The Weighted Voting algorithm makes a weighted linear combination of relevant “marker” or “informative” features obtained in the training set to provide a classification scheme for new samples. Target classes (classes 0 and 1) can be for example defined based on a phenotype such as morphological class or treatment outcome. The selection of classifier input features (marker features) is accomplished either by computing a signal-to-noise statistic Sx = (μ0 - μ1)/( σ0 + σ1) where μ0 is the mean of class 0 and σ0 is the standard deviation of class 0 or by reading in a list of user provided features. The class predictor is uniquely defined by the initial set of samples and markers. In addition to computing Sx, the algorithm also finds the decision boundaries (half way) between the class means: Bx = (μ0 + μ1)/2 for each feature x. To predict the class of a test sample y, each feature x in the feature set casts a vote: Vx = Sx (Gxy – Bx) and the final vote for class 0 or 1 is sign(Sx Vx). The strength or confidence in the prediction of the winning class is (Vwin - Vlose)/(Vwin + Vlose) (i.e., the relative margin of victory for the vote). Notice that this algorithm is quite similar to Naïve Bayes (see the appendix in Slonim et al. 2000).

References: Golub T.R., Slonim D.K., et al. “Molecular Classification of Cancer: Class Discovery and Class Prediction by Gene Expression Monitoring,” Science, 531- 537 (1999). Slonim, D.K., Tamayo, P., Mesirov, J.P., Golub, T.R., Lander, E.S. (2000) Class prediction and discovery using gene expression data. In Proceedings of the Fourth Annual International Conference on Computational Molecular Biology (RECOMB) 2000. ACM Press, New York , pp. 263–272.


KNN Classifier - K-Nearest Neighbor

The K-Nearest Neighbor algorithm classifies a sample by assigning it the label most frequently represented among the k nearest samples. No explicit model for the probability density of the classes is formed; each point is estimated locally from the surrounding points. Target classes for prediction (classes 0 and 1) can be defined based on a phenotype such as morphological class or treatment outcome. The class predictor is uniquely defined by the initial set of samples and marker genes. The K-Nearest Neighbor algorithm stores the training instances and uses a distance function to determine which k members of the training set are closest to an unknown test instance. Once the k-nearest training instances have been found, their class assignments are used to predict the class for the test instance by a majority vote. Our implementation of the K-Nearest Neighbor algorithm allows the votes of the k neighbors to be un-weighted, weighted by the reciprocal of the rank of the neighbor's distance (e.g., the closest neighbor is given weight 1/1, next closest neighbor is given weight 1/2, etc.), or by the reciprocal of the distance. Either the Cosine or Euclidean distance measures can be used. The confidence is the proportion of votes for the winning class. There are many references for this type of classifier (with several of the early important papers listed below).

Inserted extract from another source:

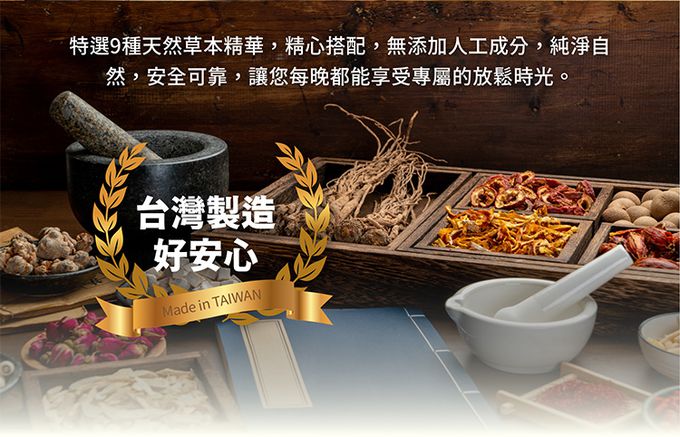 • 特選香茅、蒲公英、迷迭香、艾草、荷葉、伸筋草、北茵陳、川芎與乾薑。

References: Golub T.R., Slonim D.K., et al. “Molecular Classification of Cancer: Class Discovery and Class Prediction by Gene Expression Monitoring,” Science, 531-537 (1999). Slonim, D.K., Tamayo, P., Mesirov, J.P., Golub, T.R., Lander, E.S. (2000) Class prediction and discovery using gene expression data. In Proceedings of the Fourth Annual International Conference on Computational Molecular Biology (RECOMB) 2000. ACM Press, New York , pp. 263–272. Johns, M. V. (1961) An empirical Bayes approach to non-parametric two-way classification. In Solomon, H., editor, Studies in item analysis and prediction. Palo Alto , CA  : Stanford University Press. Cover, T. M. and Hart, P. E. (1967) Nearest neighbor pattern classification, IEEE Trans. Info. Theory, IT-13, 21-27, January 1967.